The Conímbriga designation came from conim, used by indigenous peoples to designate "the place of rocky eminence," and briga, the Celtic suffix meaning "citadel". This site had become a junction between the road that linked Olisipo to Bracara Augusta, by way of Aeminium (Coimbra).

Around 139 BCE, Romans began arriving in the area, as a consequence of the expeditionary campaigns of Decimus Junius Brutus. At the time, Conímbriga was already a built-up settlement. The Romans introduced the formal organization of space to the settlement. Owing to the peaceful nature of rural Lusitania, Romanisation of the indigenous population was quick and Conímbriga became a prosperous town.

Between 69 and 79 CE, during the reign of Vespasian, Conímbriga was elevated to the status of municipium. At that time, new urban programs were initiated. Judging by the capacity of the amphitheatre, by this time the city had an estimated population of approximately 10,600. Many of the new colonists (such as the Lucanus, Murrius, Vitellius and Aponia families) came from the Italian peninsula and intermarried with local inhabitants, (such as the Turrania, Valeria, Alios and Maelo families).

Construction of the Casa dos Repuxos began in the 2nd century, likely over a pre-existing structure. At the end of the 3rd century, the Augustian walls were replaced by the existing structures. In addition there was a remodelling of the baths and construction of a majority of the larger homes of the town, culminating in the construction of the paleo-Christian basilica in the 4th century.

Between 465 and 468, invasions by Sueves caused the destruction of the city and its inhabitants dispersed, including some taken into slavery.

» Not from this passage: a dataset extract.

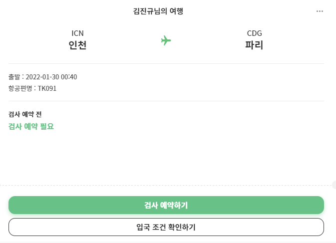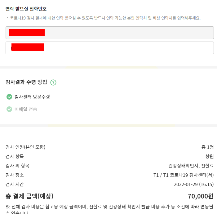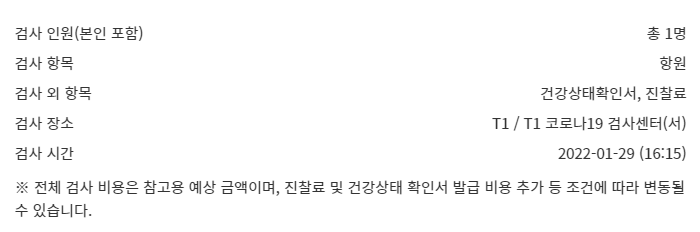 이렇게 인청공항 T1 코로나 19 검사센터(서) 에서 항원 (안티젠) 검사 예약을 무사히 마쳤습니다.
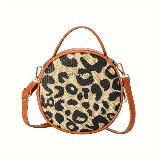 1pcs Girls Vintage Leopard Print Small Round Bag, Cute Small Fashion Handbag, Zipper Casual Shoulder Bag

===Middle Ages and Kingdom of Portugal===
The bishopric of Conímbriga was established between 561 and 572 CE, under the direction of Lucêncio, its first bishop. By 589 CE, Conímbriga ceased to be the episcopal seat, as this was transferred to Aeminium, which later became Coimbra.

During the reign of King Manuel (1519), the king ordered the inscriptions on the facade of the Church of Condeixa-a-Nova.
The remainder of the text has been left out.